Kedar K. V. Mate, PT PhD1; Brittany R. Lapin, PhD MPH2,3; and David Sugano, DrPH2
1Faculty of Medicine and Health Sciences, McGill University, Montreal, Quebec, Canada
2Department of Quantitative Health Sciences, Lerner Research Institute, Cleveland Clinic, USA
3Neurological Institute Center for Outcomes Research and Evaluation, Cleveland Clinic, USA
Survival of people following catastrophic events or diagnoses has dramatically improved due to advances in medicine. More people are now living with one or more chronic health conditions. A minority of these people find it difficult to adjust to their “new normal” and cannot accommodate their new condition and thus perceive their quality of life (QOL) to be lower. QOL is an increasingly important component of patient-centered care. For patients diagnosed with chronic disabilities, QOL initially declines but typically returns to pre-condition levels due to patients accommodating to their new normal. Others are unable to accommodate and continue to seek services to improve their QOL to little avail. As QOL is determined not only by the patient’s clinical condition but also by how well they adjust, it is critical for patients to actively participate, if not control, this aspect of recovery.
The current healthcare system approach is a deficit-based approach. In other words, it attempts to ‘fix’ what is wrong with an organ or organ system, for instance, achieving a normal value in a laboratory test such as lipid profile. While the deficit-based approach may work early in the course of a disease or where pre-disease health status is a realistic outcome, this approach may be counterproductive in chronic conditions where little or no change in function is possible. Identifying a new phenotype of chronic disability/disease patients who cannot adjust or accommodate to their diminished health state and report poor QOL is an important goal. Currently, the majority of services for chronically ill patients typically go to a minority of patients who are the most dissatisfied with the QOL in their condition. In a fee-for-service system, this drives costs up with little gain in clinical improvement. As QOL researchers within a healthcare system, we propose that care paths focus more on helping patients create a new normal as a critical part of their restorative or rehabilitative service, which will improve their QOL while also potentially reducing unnecessary health costs and improving the satisfaction of both patients and care providers.
The WHO has defined quality of life as individuals’ perception of their position in life in the context of the culture in which they live and in relation to their goals, expectations, standards, and concerns. In the context of health research, QOL goes beyond a description of health status and rather is a reflection of the way that people perceive and react to their health status and to other nonmedical aspects of their lives.

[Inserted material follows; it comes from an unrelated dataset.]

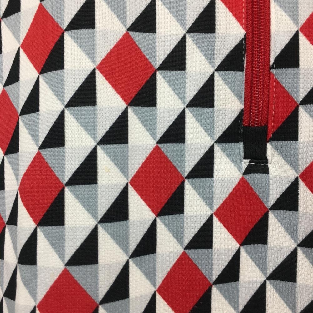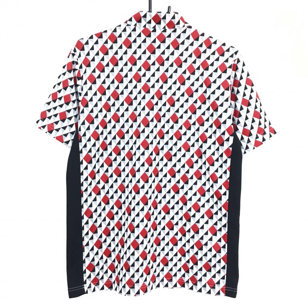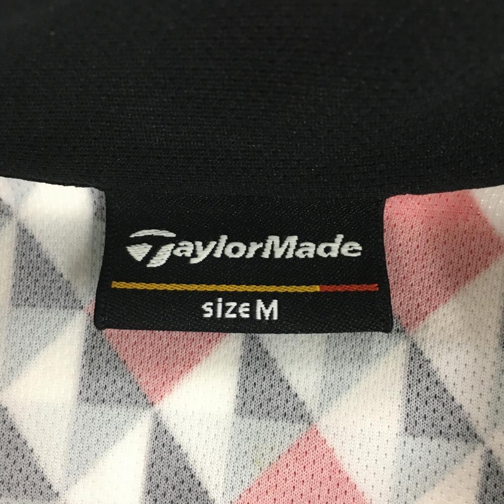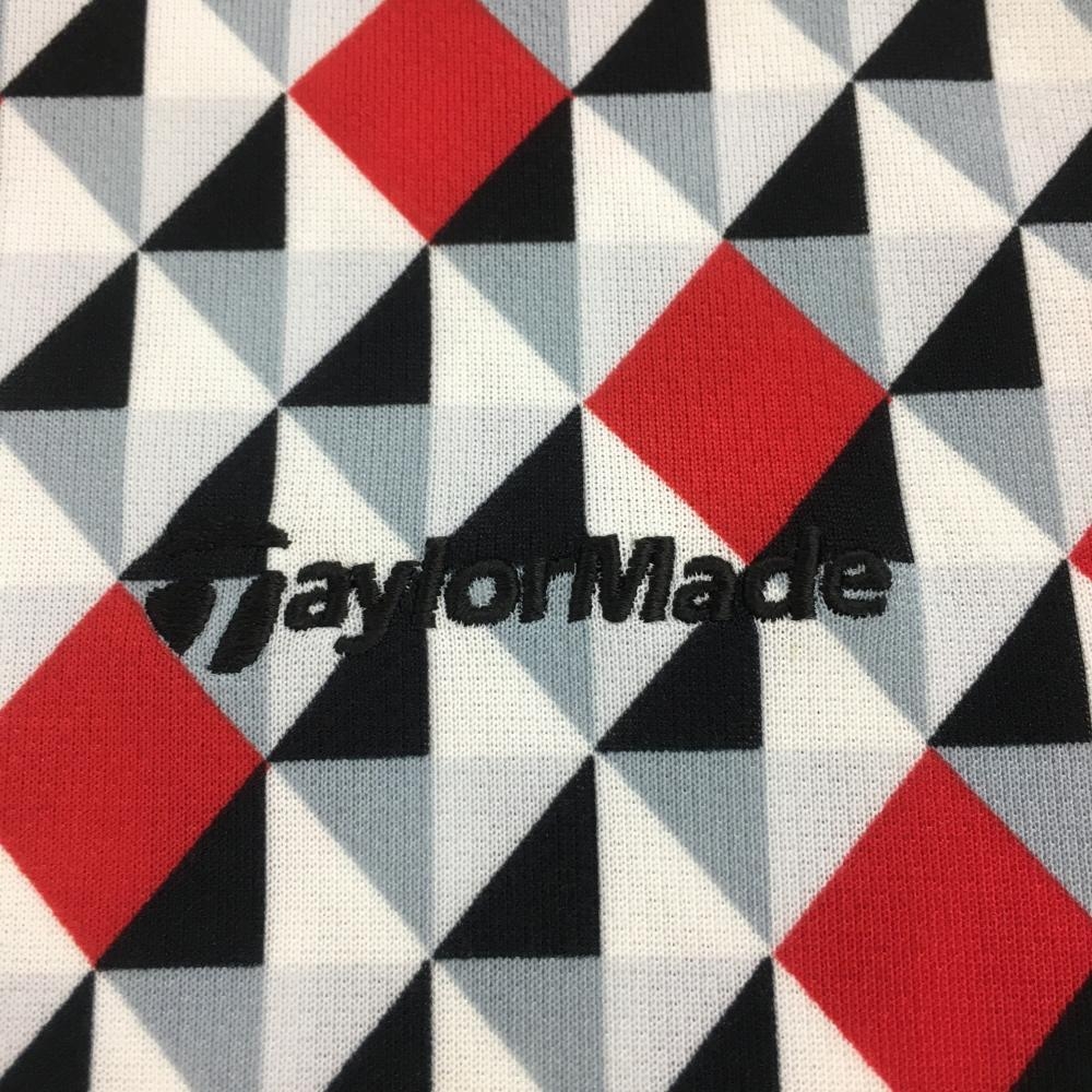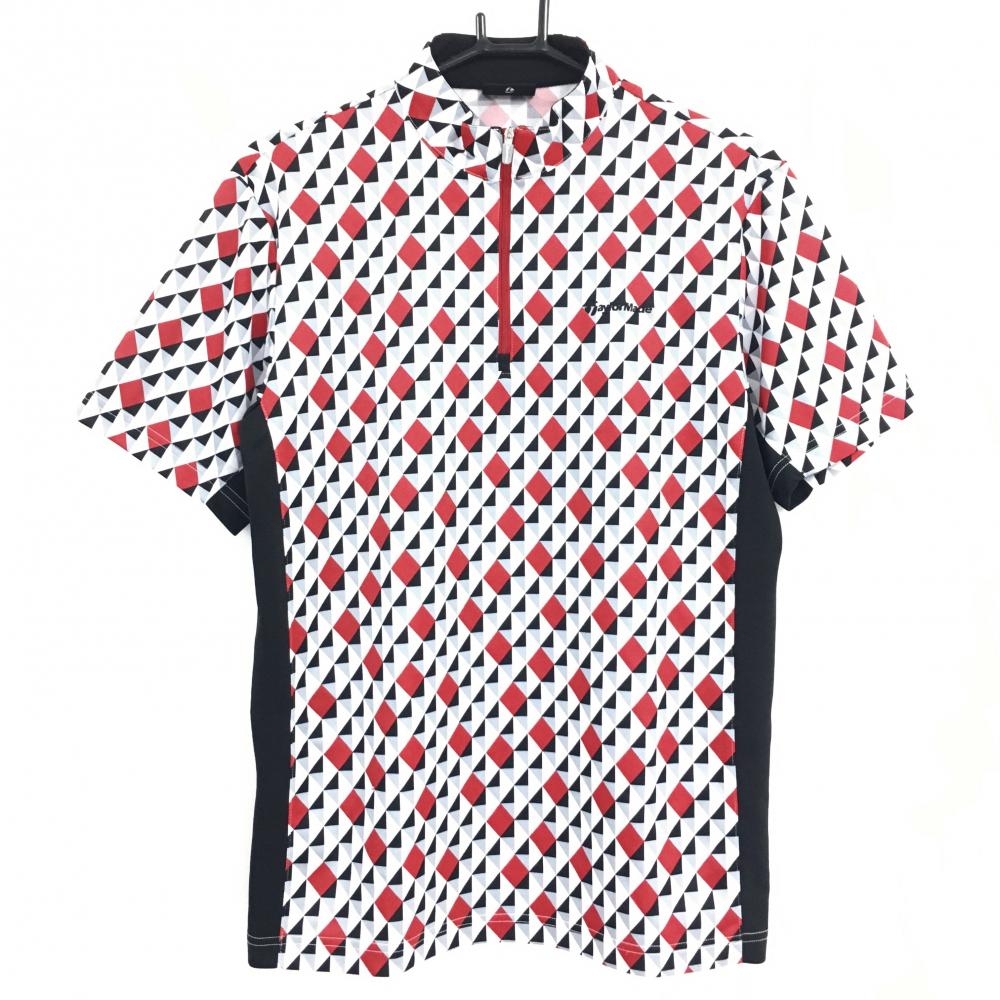 【超美品】テーラーメイド 半袖ハイネックシャツ 白×レッド×黒 総柄 ハーフジップ メンズ M ゴルフウェア TaylorMade

According to Aristotle, QOL would be the best kind of life, the happiest life, which is the life of virtue comprising: (i) intellectual or theoretical contemplation, including scientific activity (considered the primary form of happiness); and (ii) practical or moral virtue including courage moderation, generosity, and justice (the secondary form of happiness). In a modern context, this would imply that one needs to contemplate aspects of life engagement and then act in a moral way or, in other words, be both smart and nice. The ‘disability paradox’ posits that physicians believe people with disabilities have worse QOL compared to those without disabilities, and they are unable to imagine good QOL beyond medical interventions. Yet perhaps status quo health care services for people with chronic conditions are no longer feasible and may also give false hope for improvement/change. Physicians should strive to help patients find other sources of meaning and overall happiness in life. We propose a new intervention framework for people living with chronic conditions using patients’ happiness at the heart of care – a care model designed for the patient and by the patient.
The central assumption in our current model of care for people living with chronic conditions is that these patients are unhappy in their current chronic health state, which could be true as chronic health states are associated with some loss of function, limitations in activities, and participation restriction. What if the person is happy in their current state? We propose using a single item on happiness in the current state as a measure of quality of life and use that as an anchor to drive promoting that health state. A self-reported happy person will be able to avoid unnecessary medical care and truly experience a sense of self-acceptance, environmental mastery, well-being, personal growth, and autonomy. Our efforts should be targeted at helping people achieve these aspects of life despite their current health state. Our framework is founded on an amalgamation of a few theoretical approaches: resilience theory, model of meaning perspective transformation in physical rehabilitation, response shift, transformative learning, and others. We need a unified care approach that is patient-centered and driven by the patients.
The fact that most patients with disability or chronic illness are ultimately able to enjoy life and do this so well is a testament to the human spirit and ingenuity. As a society and medical community, we should identify and support those patients who cannot make this critical transition and recover their initial QOL. A simple method for identifying these patients is provided in the figure. In this way, we can help these patients maximize their QOL without using limited healthcare services and resources on this unique psychosocial problem.